EXERCISE MATERIALS:
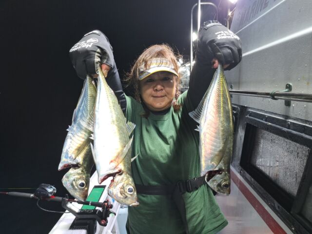 半夜の五目釣りは、アジを主体にサバやマダイ、レンコダイ、チダイなどで土産になります。
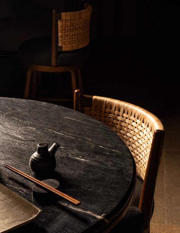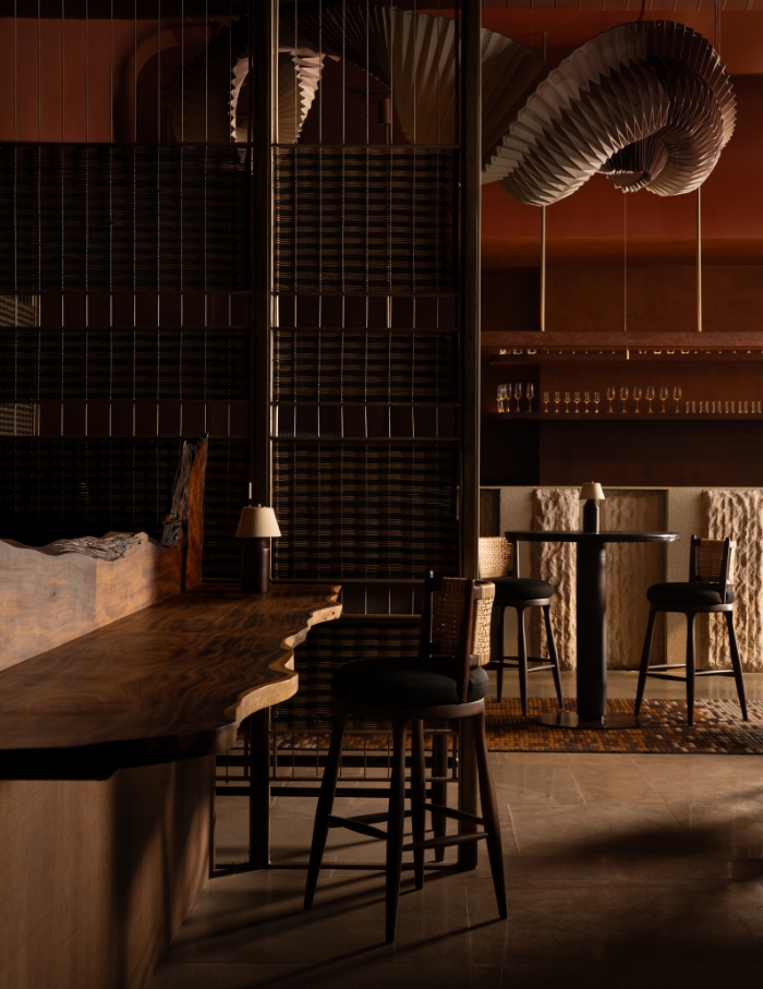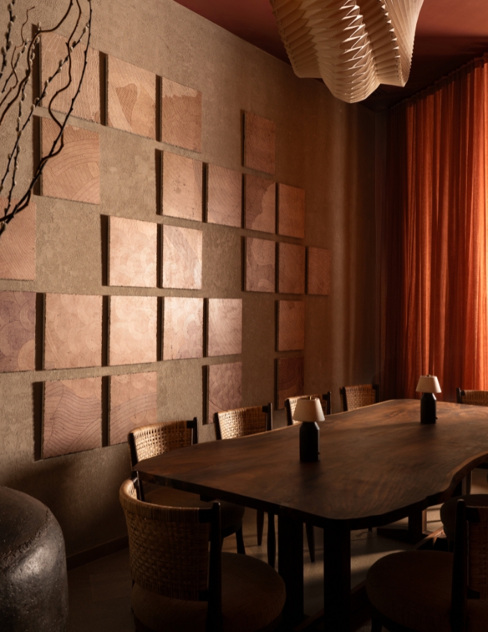 The private dining space unveils new material interplays and elements. A live-edged wooden table occupies pride of place. Here, the pitted walls are mounted with bespoke concrete tablets imprinted with water-like waves and whirls.
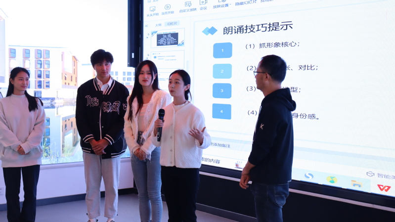 活动由姚俊主持,公开课授课教师为播音与主持艺术专业尹广富老师,他以《文艺作品演播》课程中的寓言故事《猴吃西瓜》为授课内容,打破传统的师讲生听的授课模式,以人才培养方案中的培养目标为导向,将采编播摄录制等相关内容融入教学,打破学科壁垒,极大地激发了学生的学习兴趣。
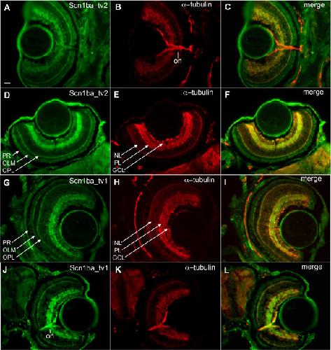Figure 7. Retinal patterning of Scn1ba_tv1 and Scn1ba_tv2. A – F: anti-Scn1ba_tv2 (green), anti-acetylated α-tubulin (red). G – L: anti-Scn1ba_tv1 (green), anti-acetylated α-tubulin (red). Anti-Scn1ba_tv2 stains the layers of the retina, including the ganglion cell layer (GCL), inner plexiform layer (IPL), outer plexiform layer (OPL), outer limiting membrane (OLM), and photoreceptor cell layer (PR). Staining appears to be absent in the inner nuclear layer (INL) and in the optic nerve (on). Anti-Scn1ba_tv1 stains all the layers of the retina including the inner nuclear layer, where it shows robust staining. In contrast to anti-Scn1ba_tv2, anti-Scn1ba_tv1 labels optic nerve. Scale bar: 50 μm.
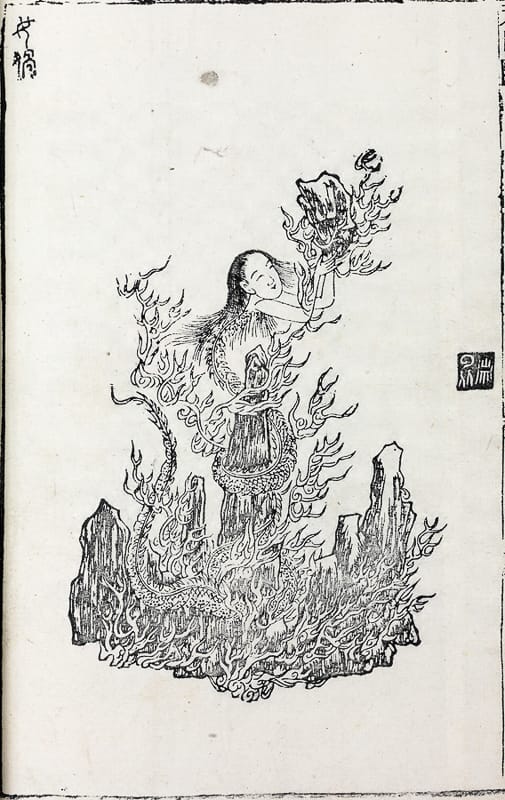 ตำนานที่เรียกว่า ซิ้งอ่วย (神文) ซึ่งกล่าวถึงหญิงนางหนึ่ง ที่มีนามว่า นึ่งออเนี่ย (女媧) มีท่อนบนเป็นคนท่อนล่างเป็นงู เมื่อนางสิ้นอายุไขจากไปแล้วกระทั่งเวลาผ่านพ้นไปนาน 3 ปี แต่ร่างกายกลับยังไม่เน่าเปื่อย ทำให้มีคนผ่าท้องนางดูว่าภายในนั้นมีสิ่งใดอยู่ เหตุใดร่างจึงยังไม่เน่า ทันทีที่ผ่าท้องออกก็มีมังกรสีเหลืองพุ่งออกมาจากท้องแล้วเหาะทะยานหายขึ้นไปบนฟ้า จึงทำให้เกิดความเชื่อว่า มังกร เป็นสัตว์เทพศักดิ์สิทธิ์ และได้รับการยกย่องให้เป็นเจ้าแห่งสัตว์ทั้งปวง
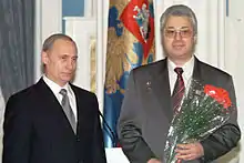 El presidente Vladímir Putin y Yuri Baturin en la entrega del premio Héroe de la Federación Rusa en 2001.

EXERCISE: Could you give back the full listing word for word, leaving out the images?

YOUR SOLUTION:
 半夜の五目釣りは、アジを主体にサバやマダイ、レンコダイ、チダイなどで土産になります。
 The private dining space unveils new material interplays and elements. A live-edged wooden table occupies pride of place. Here, the pitted walls are mounted with bespoke concrete tablets imprinted with water-like waves and whirls.
 活动由姚俊主持,公开课授课教师为播音与主持艺术专业尹广富老师,他以《文艺作品演播》课程中的寓言故事《猴吃西瓜》为授课内容,打破传统的师讲生听的授课模式,以人才培养方案中的培养目标为导向,将采编播摄录制等相关内容融入教学,打破学科壁垒,极大地激发了学生的学习兴趣。
Figure 7. Retinal patterning of Scn1ba_tv1 and Scn1ba_tv2. A – F: anti-Scn1ba_tv2 (green), anti-acetylated α-tubulin (red). G – L: anti-Scn1ba_tv1 (green), anti-acetylated α-tubulin (red). Anti-Scn1ba_tv2 stains the layers of the retina, including the ganglion cell layer (GCL), inner plexiform layer (IPL), outer plexiform layer (OPL), outer limiting membrane (OLM), and photoreceptor cell layer (PR). Staining appears to be absent in the inner nuclear layer (INL) and in the optic nerve (on). Anti-Scn1ba_tv1 stains all the layers of the retina including the inner nuclear layer, where it shows robust staining. In contrast to anti-Scn1ba_tv2, anti-Scn1ba_tv1 labels optic nerve. Scale bar: 50 μm.
 ตำนานที่เรียกว่า ซิ้งอ่วย (神文) ซึ่งกล่าวถึงหญิงนางหนึ่ง ที่มีนามว่า นึ่งออเนี่ย (女媧) มีท่อนบนเป็นคนท่อนล่างเป็นงู เมื่อนางสิ้นอายุไขจากไปแล้วกระทั่งเวลาผ่านพ้นไปนาน 3 ปี แต่ร่างกายกลับยังไม่เน่าเปื่อย ทำให้มีคนผ่าท้องนางดูว่าภายในนั้นมีสิ่งใดอยู่ เหตุใดร่างจึงยังไม่เน่า ทันทีที่ผ่าท้องออกก็มีมังกรสีเหลืองพุ่งออกมาจากท้องแล้วเหาะทะยานหายขึ้นไปบนฟ้า จึงทำให้เกิดความเชื่อว่า มังกร เป็นสัตว์เทพศักดิ์สิทธิ์ และได้รับการยกย่องให้เป็นเจ้าแห่งสัตว์ทั้งปวง
 El presidente Vladímir Putin y Yuri Baturin en la entrega del premio Héroe de la Federación Rusa en 2001.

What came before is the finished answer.